Euro zone inflation jumped to another record high and will soon hit double-digit territory, heralding a string of big interest rate hikes even as a painful recession appears increasingly certain.

Inflation in the 19 countries sharing the euro currency accelerated to 9.1% in August from 8.9% a month earlier. Meanwhile, UK bonds continued a rapid sell-off on a scale not seen since the 1990s due to the country's bleak economic outlook.

China's factory activity extended declines in August as new COVID infections, the worst heatwaves in decades and an embattled property sector weighed on production, suggesting the economy will struggle to sustain momentum.

Parts of China's southern city of Guangzhou imposed COVID-19 curbs on Wednesday, joining the tech hub of Shenzhen in battling flare-ups and fuelling uncertainty over commerce and daily life in two of the region's most economically vibrant cities.

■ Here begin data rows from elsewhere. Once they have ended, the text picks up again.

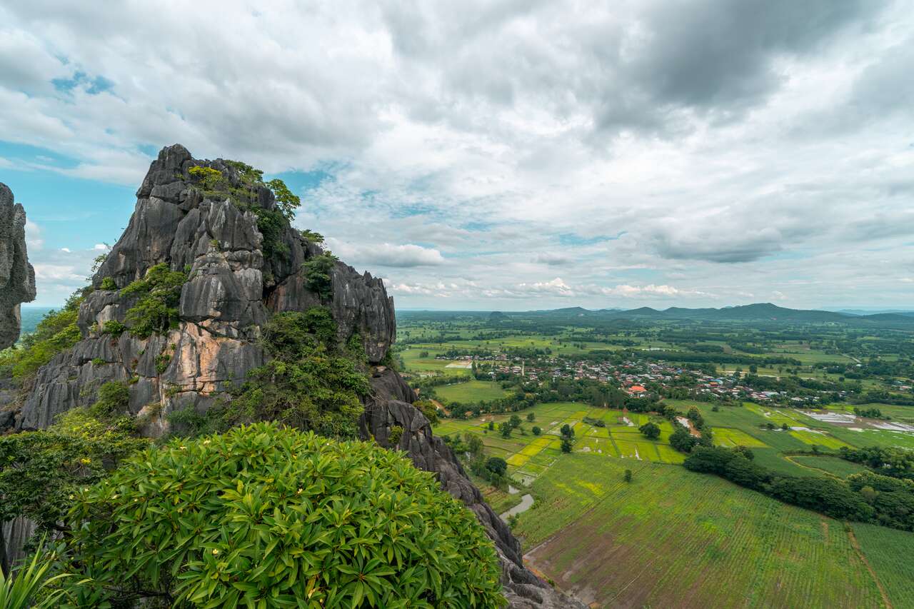 Once you reach the top, you’ll be rewarded with an incredible 360° panoramic view of the surroundings, endless plains of rice fields stretching to the horizon, dotted with towns, villages, and rugged limestone mountains scattered across Nong Bua Lamphu. It’s a sight that will truly take your breath away!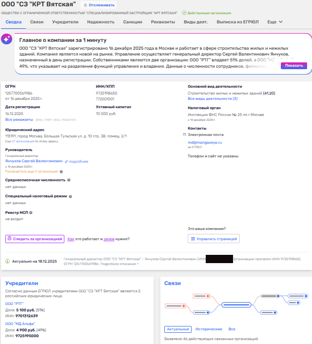 Занятно, что все фирмы - и само СЗ «КРТ Вятская» и его владельцы учреждены в 2025 году, то есть это абсолютно свеженькие юрлица. Вот только картину всей этой благостности портит фамилия директора СЗ «КРТ Вятская» - Сергей Янчуков.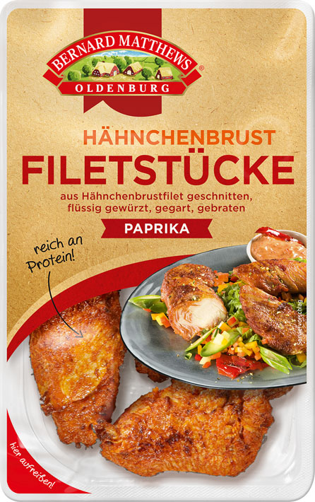Mit unseren Hähnchenbrust-Filetstücken in der Sorte Paprika erhalten Sie einen idealen Bestandteil für Ihren Wrap oder Salat. Außerdem können Sie unsere Hähnchenbrust-Filetstücke auch als Beilage zu Reis oder Pommes genießen. Die einfache und schnelle Zubereitung in der Pfanne oder Mikrowelle machen unsere Filetstücke zum idealen Produkt wenn es schnell gehen soll. Sie können unsere fettarmen und dabei proteinreichen Filetstücke aber auch als Snack genießen.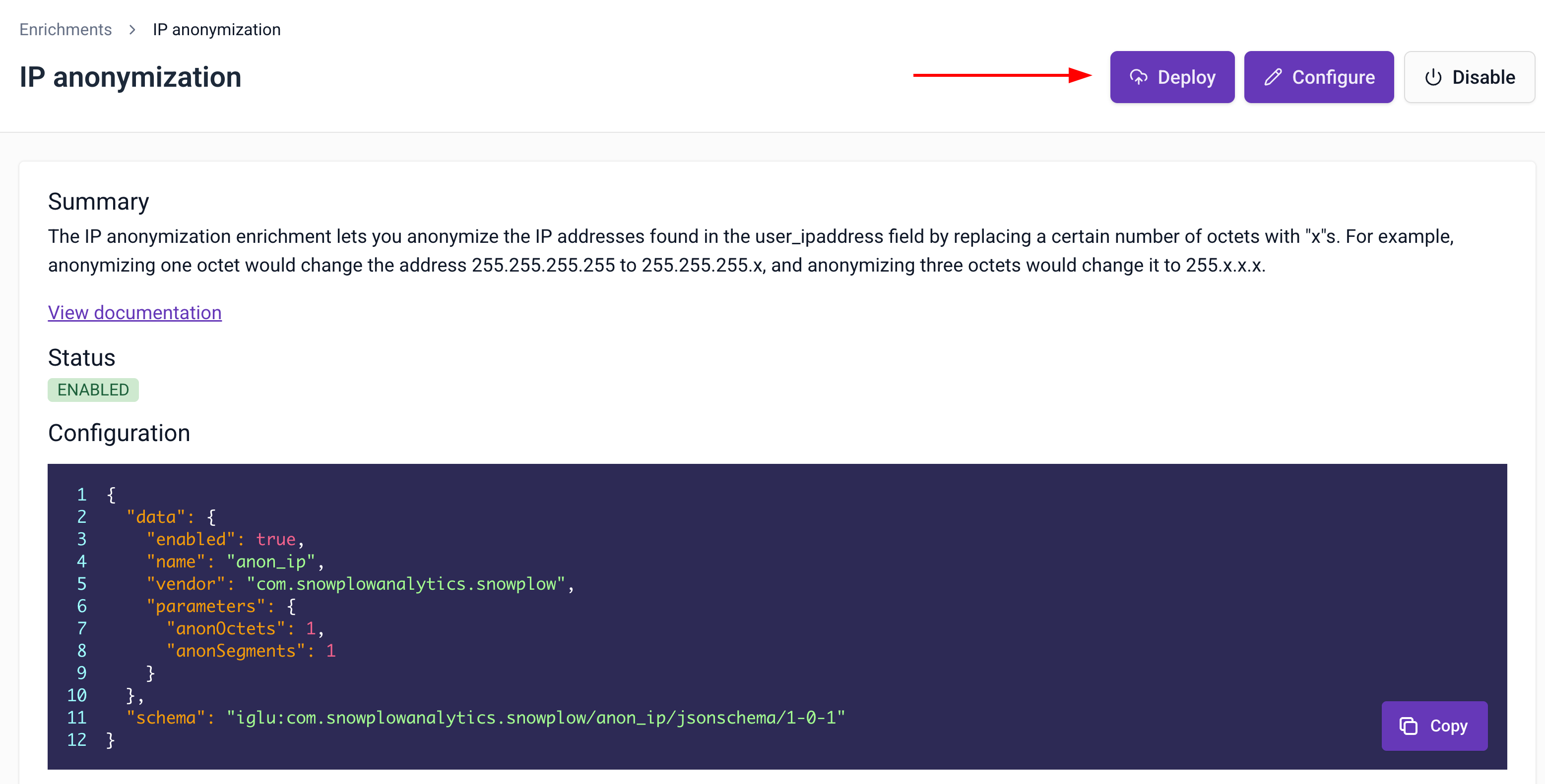 Navigate to the Snowplow Mini that you want to deploy from, and locate the Enrichment you want to deploy to another environment.

Adding to the bearish signals was a report by the Joint Technical Committee of the Organization of the Petroleum Exporting Countries (OPEC) and allies, together called OPEC+.

In it, the JTC said its base case scenario was an oil surplus this year of 900,000 barrels per day (bpd), up 100,000 bpd from its forecast a month earlier.

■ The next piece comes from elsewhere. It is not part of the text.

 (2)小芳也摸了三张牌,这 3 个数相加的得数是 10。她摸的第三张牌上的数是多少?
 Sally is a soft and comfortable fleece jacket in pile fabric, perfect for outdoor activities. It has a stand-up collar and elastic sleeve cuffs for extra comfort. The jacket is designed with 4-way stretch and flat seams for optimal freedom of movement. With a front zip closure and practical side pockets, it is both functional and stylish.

Read Also: Brent Falls, But Remains Close to US$ 100 a Barrel

Some OPEC+ members have called for cuts. The group is next due to meet on Sept. 5.

On the bullish side, data from the American Petroleum Institute (API) showed gasoline inventories fell by about 3.4 million barrels, while distillate stocks, which include diesel and jet fuel, fell by about 1.7 million barrels for the week ended Aug. 26.

The drawdown in gasoline stockpiles was nearly triple the 1.2 million barrel drop that eight analysts polled by Reuters had expected on average. For distillate inventories they had expected a drop of about 1 million barrels.

However, API data showed crude stocks rose by about 593,000 barrels, against analysts' estimates of a drop of around 1.5 million barrels.

Russian action on natural gas lent further support. Gazprom halted natural gas flows through Europe's key supply route on Wednesday as the economic battle intensified between Moscow and Brussels.